I enjoyed The Waves her most experimental novel as well as A Room of One's Own. To the Lighthouse is one of her better known works and as I recall I had a decent enough reaction to it. It's more than 20 years since I read it, so my tastes may have changed.

One of my New Year resolutions was to read more Woolf, Orwell and Joyce in 2014.
 
Well currently I'm reading "Sarah Canary" by Karen Joy Fowler and, so far, I'm enjoying it much more.

I hope soon I'm actually going to find some SF in this challenge!

I don't know that one, ...

Just had another look at the original list:
Here are some I enjoyed which def. feel like SF novels:

"Grass" Sherry S. Tepper. Set on another planet, interesting alien species which interact with humans in unexpected ways ...

"Where Late the Sweet Birds Sang" Kate Wilhelm (I am currently reading this but it is about cloning and won a Hugo).

"Native Tongue" Suzette Haden Elgin - I love the way she handles interaction with alien species, but this book is "really" about patriarchy, power and language.

"The Female Man" Joanna Russ. I have also read "We Who Are About To ... " which was a big disappointment in comparison. TFM is great.

"The Silver Metal Lover" by Tanith Lee. Inventive book about a girl who falls in love with a robot.
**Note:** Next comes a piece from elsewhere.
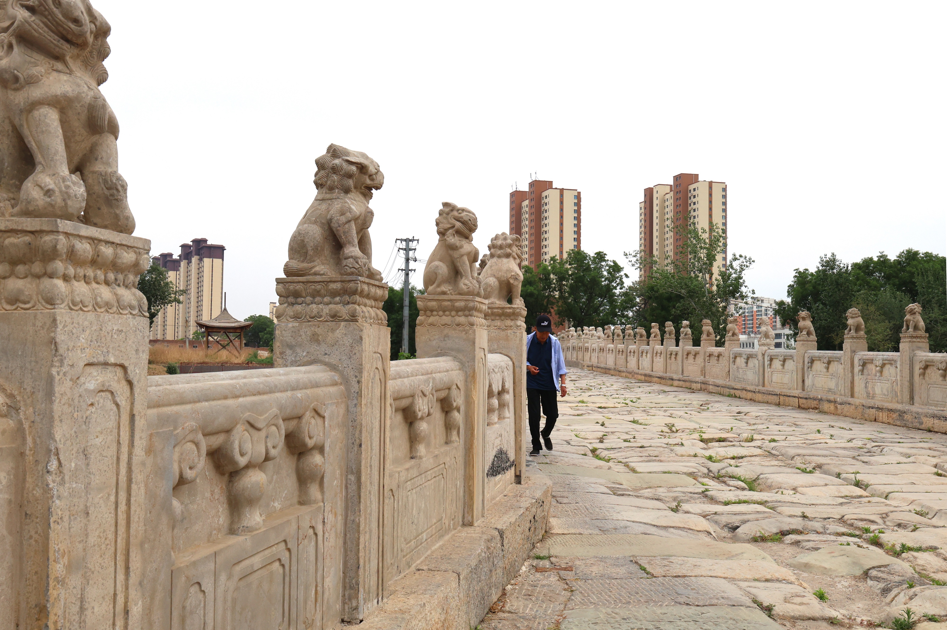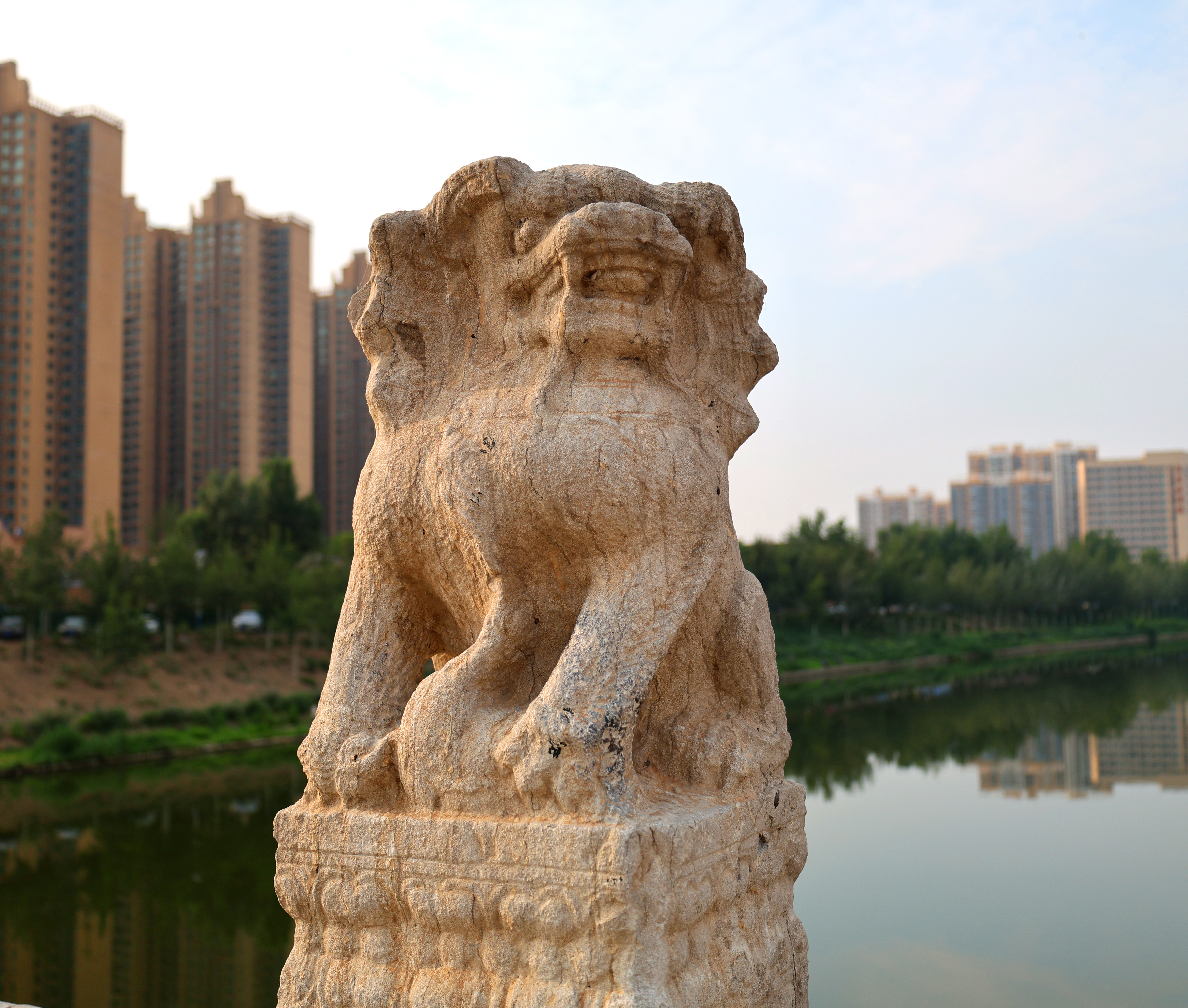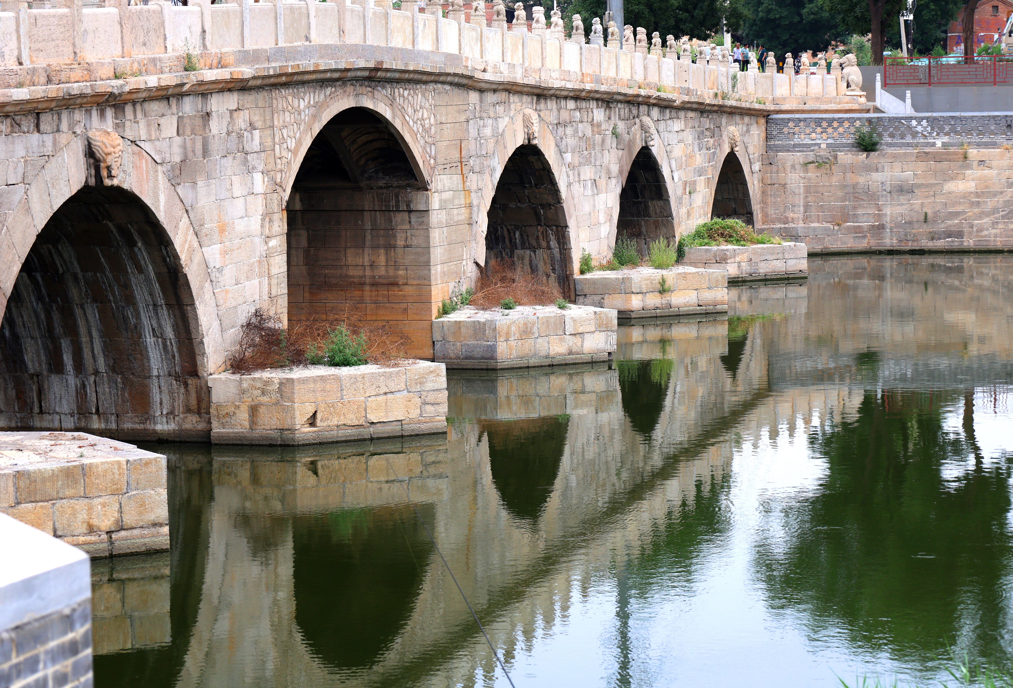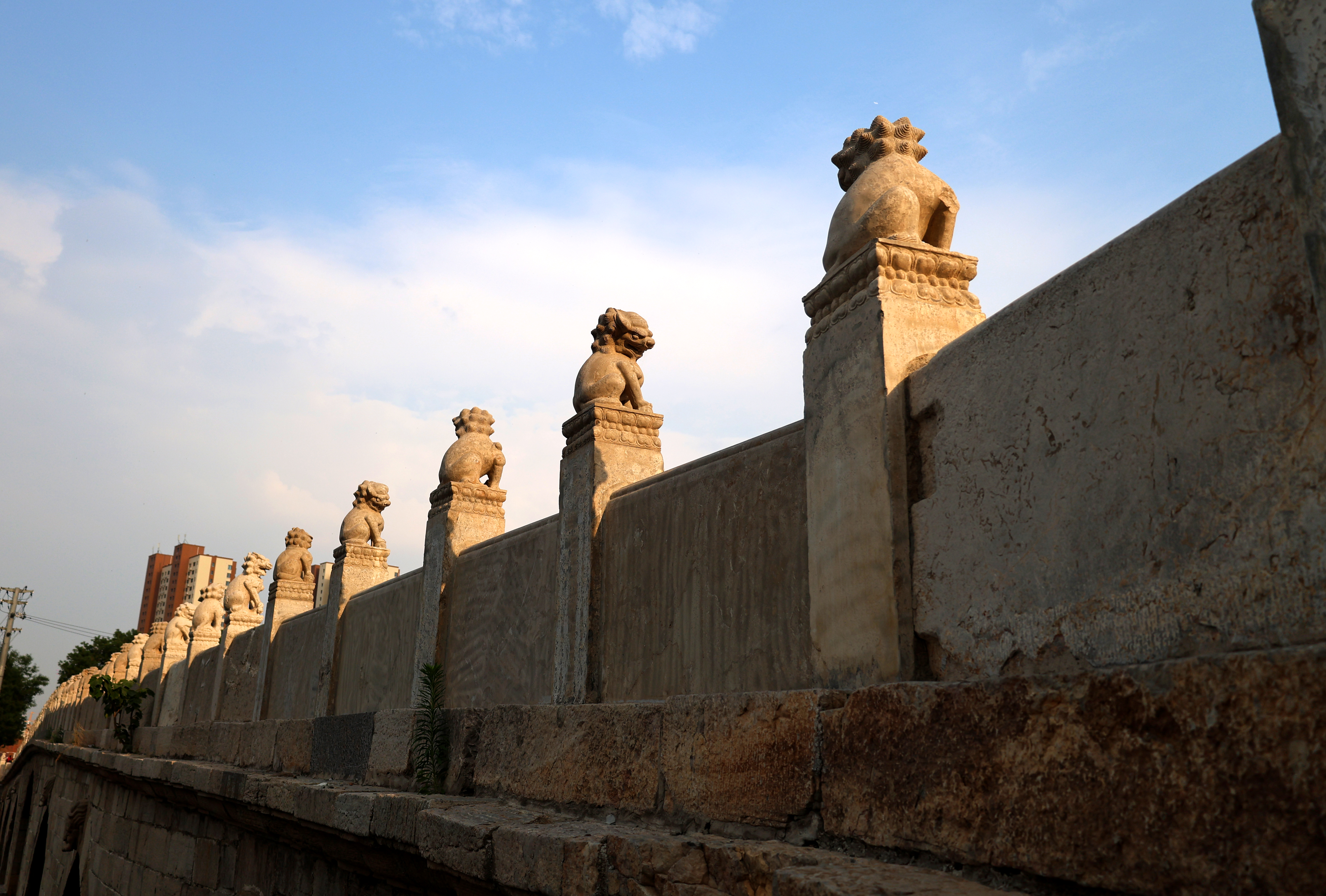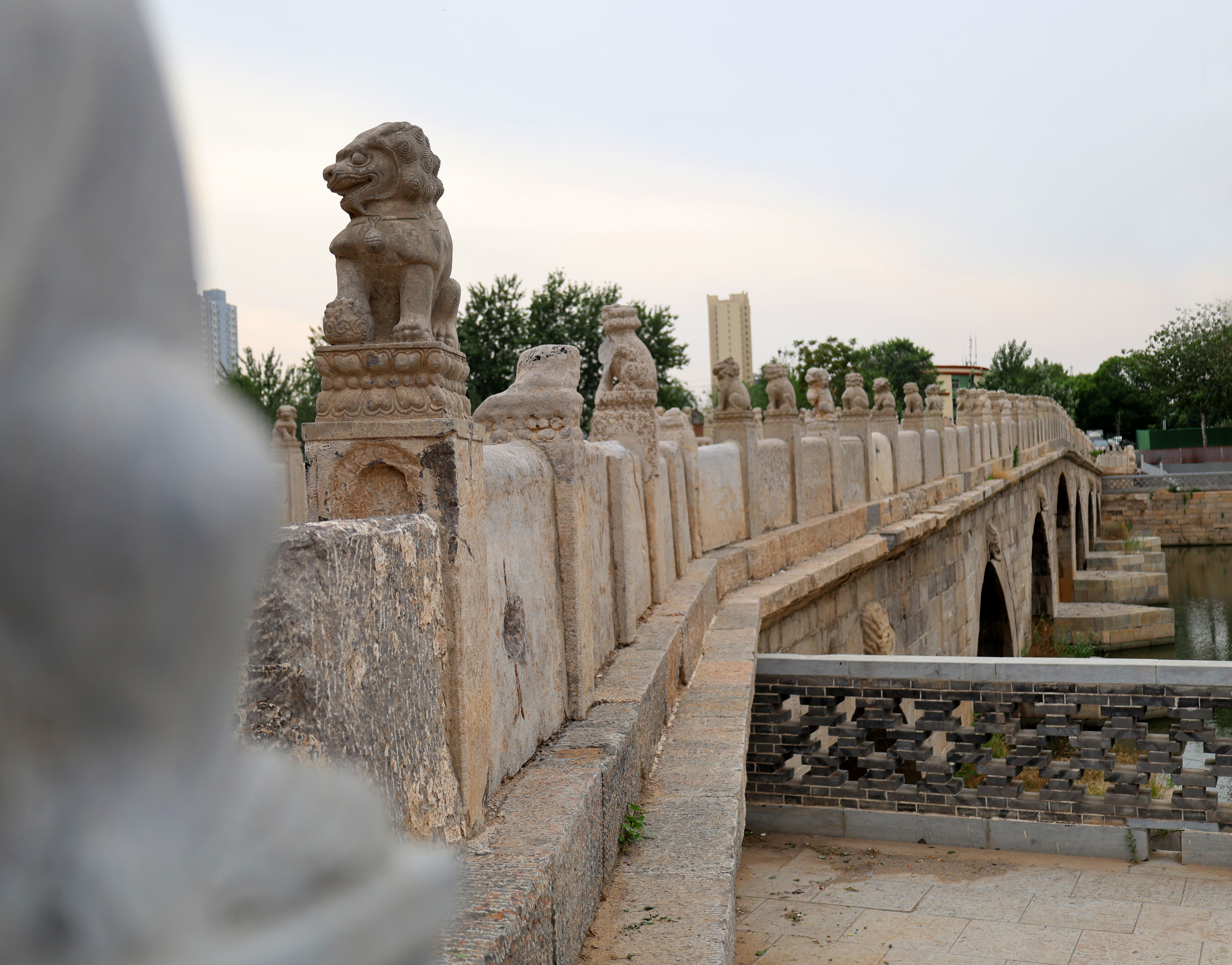踏上安济桥,脚下那宽阔而厚重的石板仿佛在轻声低语,叙说着往昔的悠悠岁月。引人注目的那两道平行延伸的车辙沟,呈现出沧桑古朴的历史风貌。车辙最深处达10余厘米。桥两侧的护栏上,58根石望柱整齐排列,望柱顶上的石狮子活灵活现。它们两两相对,姿态各异,有的项戴铃铛,有的项戴缨穗,有的张口怒目、威风凛凛,有的前足下踩一绣球,活泼俏皮,有的前足下踩一小狮,慈爱温馨。每一只石狮子都别具一格,或憨态可掬,或威风八面,其形态之丰富令人惊叹。望柱间镶嵌的石栏板上有浮雕卷云纹图案,尽显当时工匠的高超技艺。桥东西两端各置一对石狮,威风凛凛地守护着石桥的安宁。望向桥的侧面,每座桥墩处砌有棱锥形分水石,每个拱形桥孔的正上方(中孔除外)雕有一只龙头吞水兽。据民间传说,吞水兽具有抵御洪水、调节旱涝的神奇功效。由于安济桥历经两百多年的风雨侵蚀和磨损,桥上石狮和石栏板上的图案出现了风化破损的状况,岁月造就的残缺美独具韵味。

I wasn't expecting to like this, but I really did.

"Cyteen" by C. J. Cherryh - okay, I haven't read this one, but on the strength of "Downbelow Station" (which I have) I am sure it is a cool space opera type thing.

"Beggars in Spain" by Nancy Kress. I actually did not adore this, but it is an interesting book. Comparable to "Odd John" (in terms of content if not quality).




"Herland" by Charlotte Perkins Gilman. Not really SF. Very good early female utopia book though.
"The Handmaid's Tale" (Margaret Atwood" is a brilliant book, although not really SF. It's a dystopia that could almost be set in present day America (but with most people being infertile).

Actually I agree with Connavar. I don't like it when a mainstream literary fiction author includes an SF trope or two in their work and then gets massive plaudits for being a great SF writer from people who would not be seen dead reading a book with a space-ship on the cover.